▶ **TASK DETAILS**: Could you print the stretch of lines below from the one with "body, closed mouth" through the one with "Abbasso Impatto è", exactly as they stand and without any pictures?

──────── MATERIAL SHOWN ────────

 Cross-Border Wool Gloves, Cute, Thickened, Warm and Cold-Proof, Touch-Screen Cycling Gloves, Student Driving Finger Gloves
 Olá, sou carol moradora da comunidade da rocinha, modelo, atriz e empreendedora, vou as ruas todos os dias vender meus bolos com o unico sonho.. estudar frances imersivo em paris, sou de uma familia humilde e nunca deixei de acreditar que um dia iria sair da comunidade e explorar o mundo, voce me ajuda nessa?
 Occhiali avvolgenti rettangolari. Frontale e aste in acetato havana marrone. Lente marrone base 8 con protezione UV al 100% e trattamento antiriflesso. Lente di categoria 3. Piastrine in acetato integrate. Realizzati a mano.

────────
──────── MATERIAL SHOWN ────────

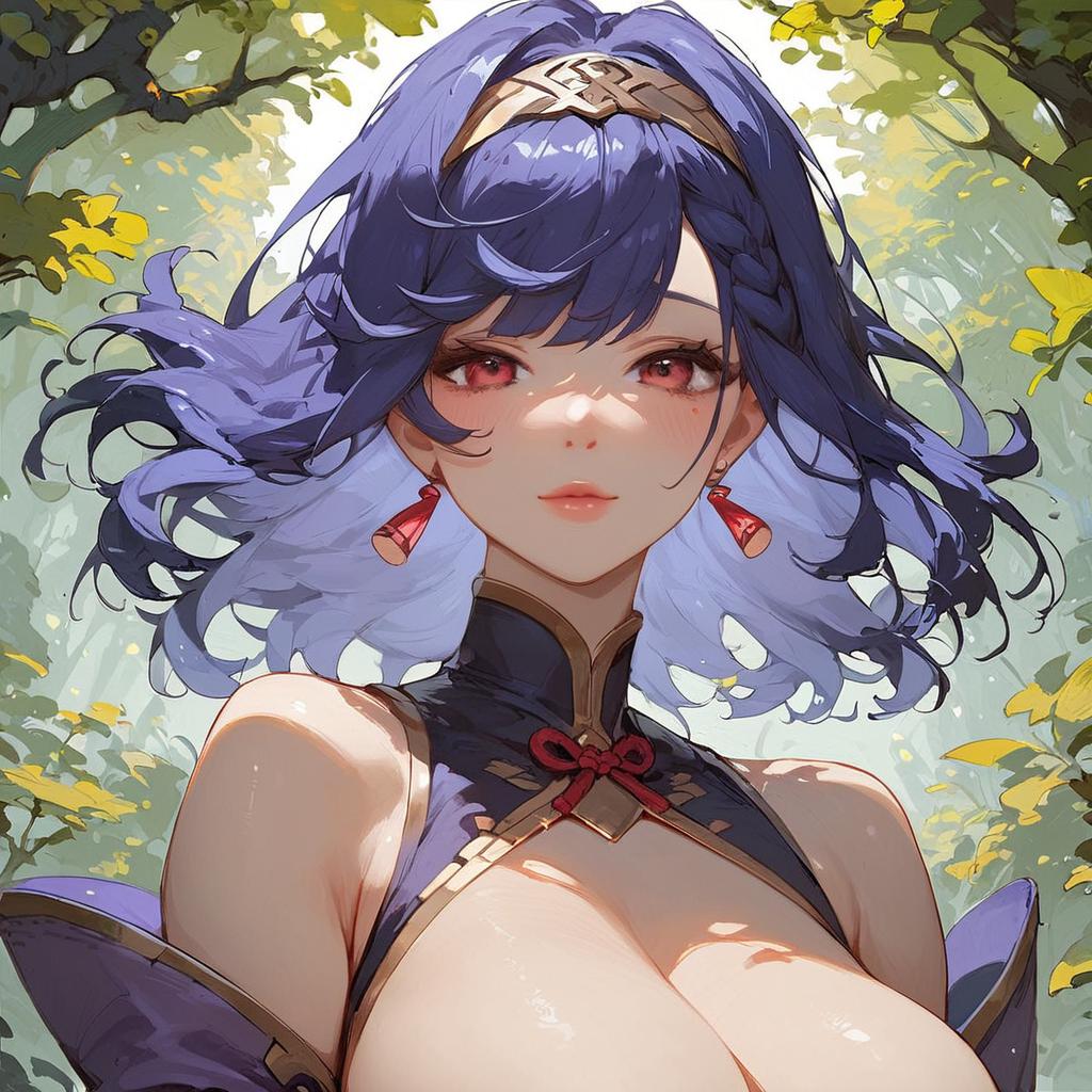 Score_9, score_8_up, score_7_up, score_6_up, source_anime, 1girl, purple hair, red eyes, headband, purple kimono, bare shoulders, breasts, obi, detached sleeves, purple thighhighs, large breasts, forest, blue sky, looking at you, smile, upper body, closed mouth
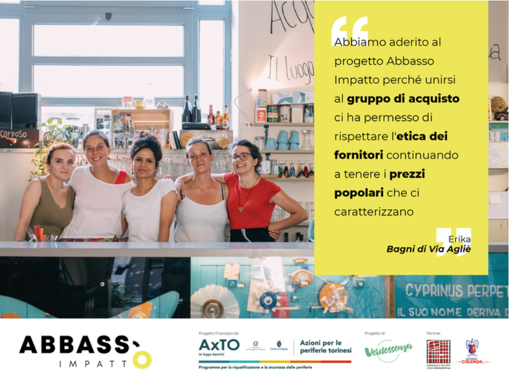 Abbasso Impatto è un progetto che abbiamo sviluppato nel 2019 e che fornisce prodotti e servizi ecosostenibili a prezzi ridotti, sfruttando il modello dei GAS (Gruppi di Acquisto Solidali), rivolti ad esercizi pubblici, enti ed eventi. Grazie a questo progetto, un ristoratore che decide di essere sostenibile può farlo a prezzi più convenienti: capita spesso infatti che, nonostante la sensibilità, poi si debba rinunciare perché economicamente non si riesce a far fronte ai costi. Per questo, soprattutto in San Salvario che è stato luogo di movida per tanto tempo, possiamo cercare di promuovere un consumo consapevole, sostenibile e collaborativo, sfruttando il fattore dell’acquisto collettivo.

────────
──────── MATERIAL SHOWN ────────

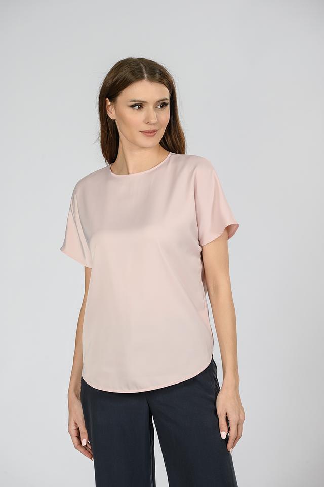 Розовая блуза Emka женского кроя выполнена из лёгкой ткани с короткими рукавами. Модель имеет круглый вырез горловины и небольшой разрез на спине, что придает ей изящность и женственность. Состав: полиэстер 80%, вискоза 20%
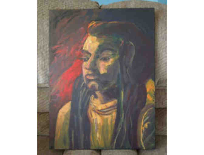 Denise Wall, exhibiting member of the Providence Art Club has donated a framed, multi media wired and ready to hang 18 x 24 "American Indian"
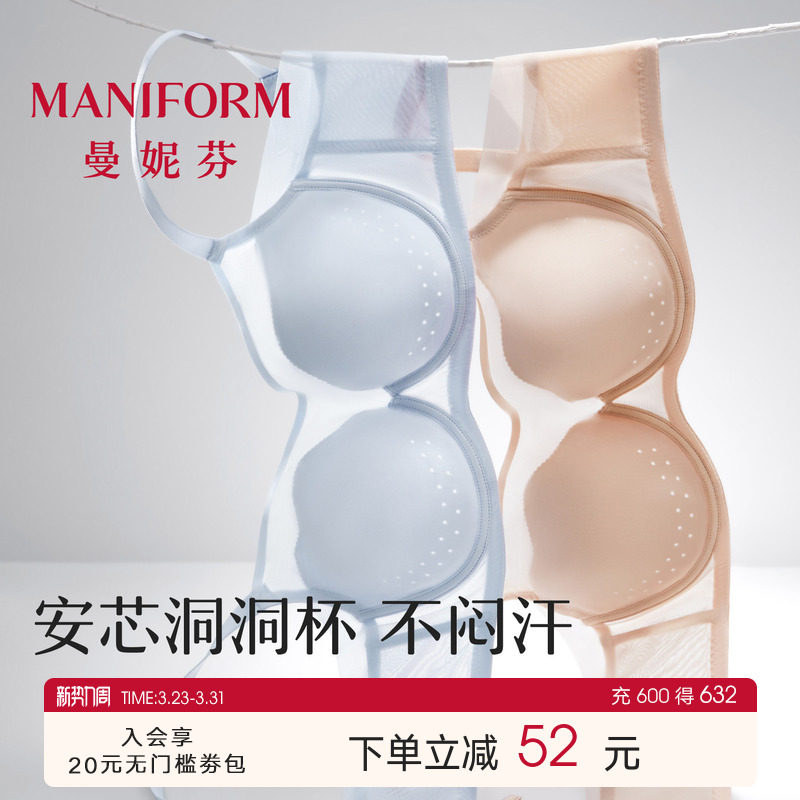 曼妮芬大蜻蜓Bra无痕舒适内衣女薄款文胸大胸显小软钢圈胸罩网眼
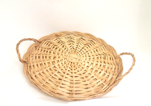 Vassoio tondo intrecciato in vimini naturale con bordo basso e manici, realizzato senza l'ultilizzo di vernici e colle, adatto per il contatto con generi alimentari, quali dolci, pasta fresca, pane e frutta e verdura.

────────

▶ **FINISHED TASK**:
 Score_9, score_8_up, score_7_up, score_6_up, source_anime, 1girl, purple hair, red eyes, headband, purple kimono, bare shoulders, breasts, obi, detached sleeves, purple thighhighs, large breasts, forest, blue sky, looking at you, smile, upper body, closed mouth
 Abbasso Impatto è un progetto che abbiamo sviluppato nel 2019 e che fornisce prodotti e servizi ecosostenibili a prezzi ridotti, sfruttando il modello dei GAS (Gruppi di Acquisto Solidali), rivolti ad esercizi pubblici, enti ed eventi. Grazie a questo progetto, un ristoratore che decide di essere sostenibile può farlo a prezzi più convenienti: capita spesso infatti che, nonostante la sensibilità, poi si debba rinunciare perché economicamente non si riesce a far fronte ai costi. Per questo, soprattutto in San Salvario che è stato luogo di movida per tanto tempo, possiamo cercare di promuovere un consumo consapevole, sostenibile e collaborativo, sfruttando il fattore dell’acquisto collettivo.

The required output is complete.